EXERCISE INSTRUCTIONS - In the copy, keep every word of the data below and none of its pictures.

DATA EXTRACT -
....

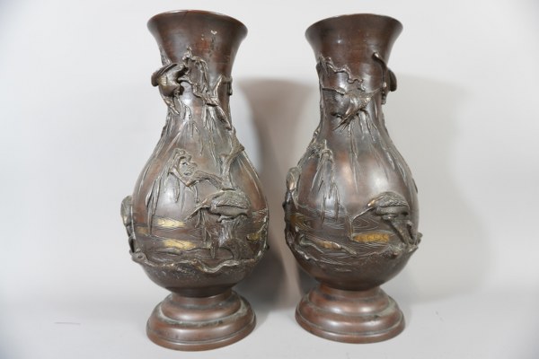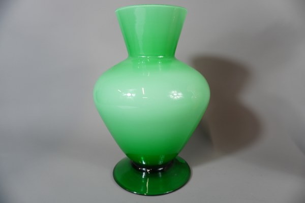 2 Vases opaline rose et vert. Hauteur: 30cm.
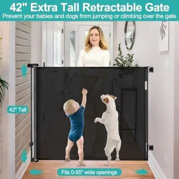 42 Inch Extra Tall Retractable Dog Gate - Secure for Kids and Pets
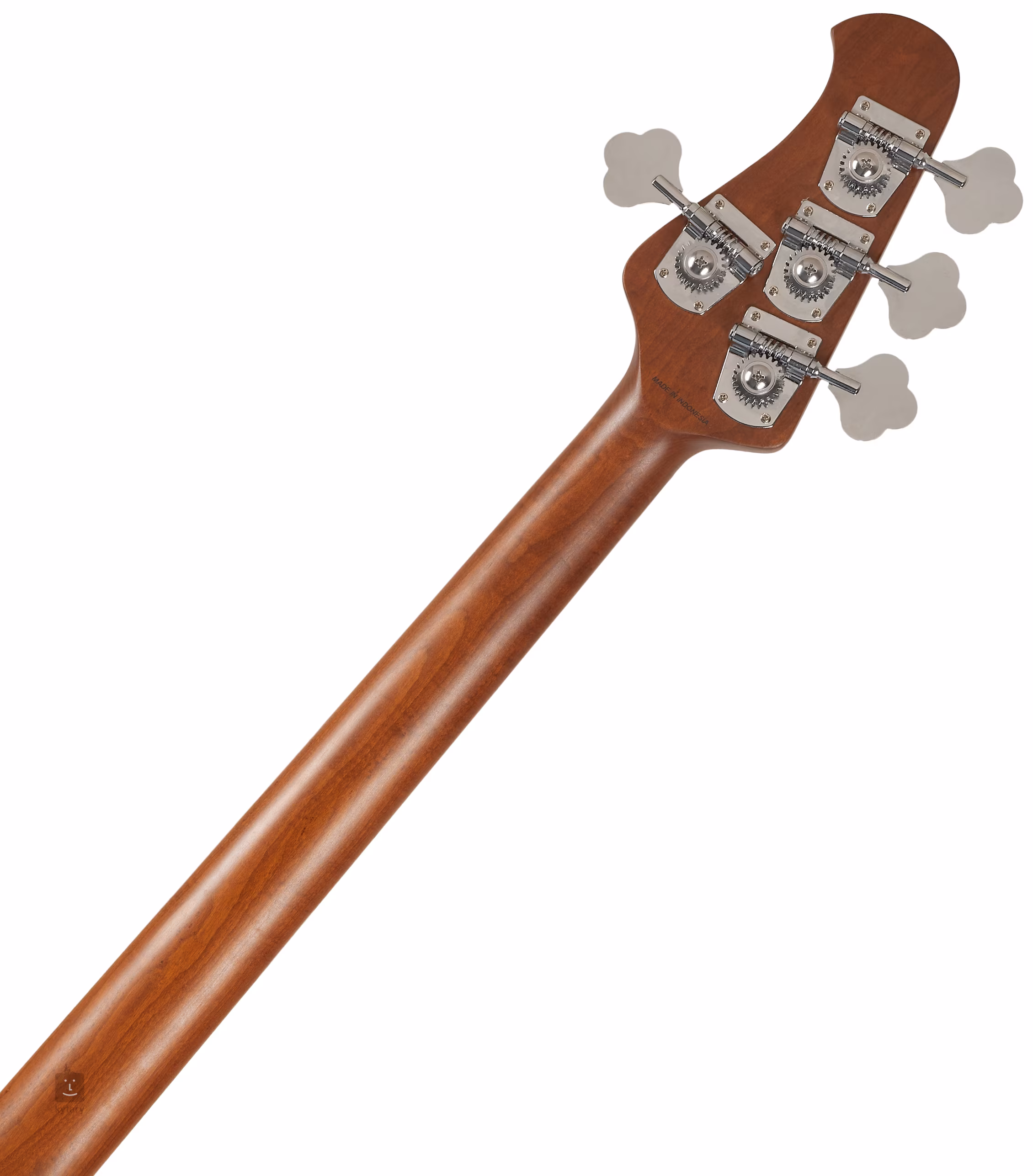 Auf der anderen Seite sind die Saiten in einer verchromten Vintage Music Man Designed Kopfplatte aus gehärtetem Stahl verankert. Natürlich verfügt die Gitarre über eine verstellbare Halsstütze, die ohne das Entfernen der Saiten oder anderer Hardware bearbeitet werden kann.
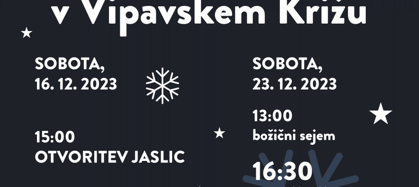 - Brezplačen ogled jaslic v grajski kleti in v galeriji Vipavski Križ, v prostorih krajevne skupnosti

....

ANSWER SECTION -
 2 Vases opaline rose et vert. Hauteur: 30cm.
 42 Inch Extra Tall Retractable Dog Gate - Secure for Kids and Pets
 Auf der anderen Seite sind die Saiten in einer verchromten Vintage Music Man Designed Kopfplatte aus gehärtetem Stahl verankert. Natürlich verfügt die Gitarre über eine verstellbare Halsstütze, die ohne das Entfernen der Saiten oder anderer Hardware bearbeitet werden kann.
 - Brezplačen ogled jaslic v grajski kleti in v galeriji Vipavski Križ, v prostorih krajevne skupnosti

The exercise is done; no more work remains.